PS: in defense of Oakley Radar i was in a pretty bad crash with them on ( flew over the bar, and the bike did a flip and landed upside down ) and when i got up the glasses were exactly in the same spot as before the crash - they haven't moved, and they're still as good as new, while the helmet took some scratches. the Radar really grips your head like a clamp - anybody who is not into active sports and buys these glasses for style is making a mistake - because it squeezes your head pretty tight and unless you need that extra grip for some sort of a sports activity you're better off with regular sunglasses. the Radar also tends to fog up if you try to use it while driving a car - it is really meant for outdoor use. for biking though it works great.


----------



## mtb143 (Aug 26, 2007)

You should always wear eye protection, day and night, for the exact reasons you state: an errant bug or speck of sand at the wrong moment can easily ruin your whole day. A buddy fractured a clavicle because of a bug in the eye. The only time I feel safe(ish) without eye protection is riding in snow - no bugs and no dirt to get in the eyeballs.


----------



## kingsqueak (Jul 21, 2013)

Yup ^^^that


----------



## androgen (Apr 28, 2005)

mtb143 said:


> You should always wear eye protection, day and night, for the exact reasons you state: an errant bug or speck of sand at the wrong moment can easily ruin your whole day. A buddy fractured a clavicle because of a bug in the eye. The only time I feel safe(ish) without eye protection is riding in snow - no bugs and no dirt to get in the eyeballs.


oh i agree. i definitely need something. but no idea what.

i wanted high quality sunglasses for day use because i wanted ones that attenuate the light level strongly without distorting colors, have good UV protection and have a lens that properly covers the entire field of view.

but for night use the requirements get relaxed quite a bit. no need for UV protection, no need for good attenuation of light, no issues with color when the lens is clear, and if the lens doesn't evenly cover the whole field of view i won't really notice it because the lens is clear anyway, thus the edge of the lens is not particularly conspicuous.

is it easy to find cycling specific glasses with clear lenses ? the clear lens for the Radar is $60 - could i get complete clear cycling sunglasses for less ?

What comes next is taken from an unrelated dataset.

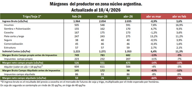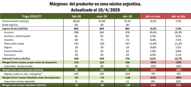 Según estimaciones basadas en encuestas a productores de la región y teniendo en cuenta un sistema modelo de 150 has, una distancia al puerto de 150 km y las cotizaciones pertinentes para cada momento, el margen estimado para la producción de trigo 2026/27 en campo propio, para una producción objetivo de 40 qq/ha, habría caído un 43% desde el 13 de marzo hasta el 10 de abril, mientras que el de campo alquilado un 54% para el mismo período. Haciendo las mismas cuentas entre abril y febrero, la caída en los márgenes sería menor, sostenida por el incremento en las cotizaciones a cosecha. Lógicamente, aquellos renglones que más se incrementaron desde una medición a otra son los relacionados con fertilizantes, siembra y pulverización y fletes, es decir, aquellos donde el impacto de la guerra fue más directo en los mercados internacionales. Entre marzo y abril el costo total de producción antes de impuestos se incrementó 8,2%, mientras que entre febrero y abril el aumento fue de casi un 17%.
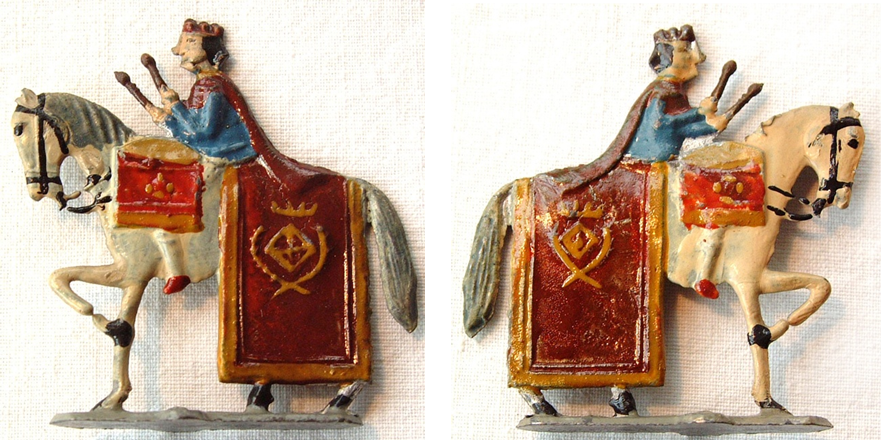 Como vemos a continuación hay dos figuras muy semejantes. La de la izquierda no tiene gravado ningún nombre, desconocemos el fabricante. La de la derecha es de Alca-Capell. La figura de la izquierda debió fabricarse, igual que la otra, con una perforación en la mano levantada para poder introducir el fusil,como veremos en nuestro molde. La de la izquierda lleva dos perforaciones en los pies, lo que hace suponer que debía sustentarse sobre una peana, ya que sola no se mantiene derecha, véase el alfiler que hemos puesto detrás para tenerla en pie. La de la derecha se mantiene perfectamente sola.

now that i think about it i'm going to scrap the idea of using Home Depot safety glasses. It's either a lens for the Radar or a second set of complete cycling glasses but with clear lens, and something cheaper than Oakley.


----------



## fightnut (Jul 5, 2007)

Curious, why scrap the cheapy Home Depot safety glasses option?


----------



## androgen (Apr 28, 2005)

fightnut said:


> Curious, why scrap the cheapy Home Depot safety glasses option?


i'll use them temporarily until i find something better.

but they're not super hot - for example unless i move them further down my nose my eyelashes touch the lens.

aside from that, i could find other reasons why cycling specific glasses would be better - for example cycling specific glasses like the Radar are designed to fit properly under the helmet.


----------



## dfp23 (Aug 27, 2013)

I never leave home without some sort of eye protection- something is better than nothing brand unspecific. I have used Oakley sunglasses for years on the bike and during combat operations without any issues. They have saved my eyes countless times.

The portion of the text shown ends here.